Evaluation of Different Microtiter Plate-Based Methods for the Quantitative Assessment of Staphylococcus aureus Biofilms

Walid F Elkhatib; Ahmed S Khairalla; Hossam M Ashour

Disclosures

Future Microbiol. 2014;9(6):725-735. 

In This Article

Abstract and Introduction

Abstract

Aim: To quantitatively assess Staphylococcus aureus biofilms.

Materials & methods: In addition to the qualitative Congo red agar (CRA) method, we used the bioluminescence (BLM), safranine (SAF), crystal violet (CRV) and resazurin (RES) high-throughput microtiter plate-based quantitative assays.

Results: 60.47% (26/43) of S. aureus clinical isolates were weak biofilm producers. The CRA method detected positive-slime phenotypes (13.95%), but was unable to distinguish weak from negative producers. BLM assays demonstrated significant correlations with RES (highest), CRV and SAF (lowest). Lower coefficient of variation values indicate precision. BLM scored highest precision (coefficient of variation = 0.013) followed by RES, SAF and CRV.

Conclusion: BLM and RES detect live biomass in S. aureus biofilms (for physiological studies). SAF and CRV detect live/dead bacteria plus biofilm matrix (for monitoring overall biofilm architecture, not only its cell viability). Reliable assays are essential for effective biofilm therapy.

Introduction

Biofilms are surface-associated microbial communities ensconced within an extracellular polymeric matrix.[1,2] Bacterial biofilms consist of three main elements namely microorganisms, matrix and surface. Consequently, mature biofilms require the simultaneous existence of such components to develop.[3] Microbial cells within biofilms are protected from the host immune system and acquire significantly high resistance to antibiotics.[4] The presence of these microbial communities is frequently associated with a variety of chronic diseases[5] and is also a cause of the notable spread of biofilm-associated nosocomial infections, mainly owing to the escalating use of implanted medical devices.[4,6] Eradication of these communities is uncommonly achievable resulting in serious and life-threatening consequences for patients. Gram-positive staphylococci are key pathogens in the hospital environment[7,8] leading to complicated treatment and considerably increased morbidity and mortality.[9–12]
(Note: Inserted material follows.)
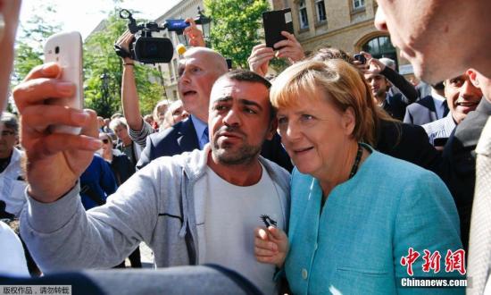 资料图:柏林的一处难民营外,一位移民拿起手机与德国总理默克尔自拍合影。

For the quantitative assessment of bacterial biofilms, some high-throughput assays have been applied including the ATP bioluminescence (BLM) assay,[13] safranine (SAF) assay,[14] crystal violet (CRV) assay[13,15] and resazurin (RES) assay.[16] Furthermore, the Congo red agar (CRA) method was used as a qualitative technique for detection of slime-producing staphylococcal strains.[17] Although viable bacterial determination of the biofilms by laborious plate count methods has been reported, treatment of the biofilms should be evaluated via bacterial killing as well as removal of the matrix, as the slime layer can be easily re-colonized. Therefore, an optimum biofilm model should address both the matrix and its enclosed bacterial cells.[16] Evaluation of biofilm-associated infections and their prevalence in hospital and clinical settings requires rapid and precise quantitative assays that can replace tedious techniques of microscopic visualization such as scanning electron microscopy and confocal laser scanning microscopy.[13] Similarly, biofilm research on Staphylococcus aureus requires validated quantitative models that focus both on matrix and viable bacterial bioburden. Appropriate laboratory assays of S. aureus biofilms are important to develop novel strategies to combat their biofilms.[16] In this context, the present study has primarily addressed an in vitro comparative analysis on correlations and precisions of four microtiter plate-based assays implementing BLM, SAF, CRV and RES for determination and quantification of the biofilms in S. aureus clinical isolates.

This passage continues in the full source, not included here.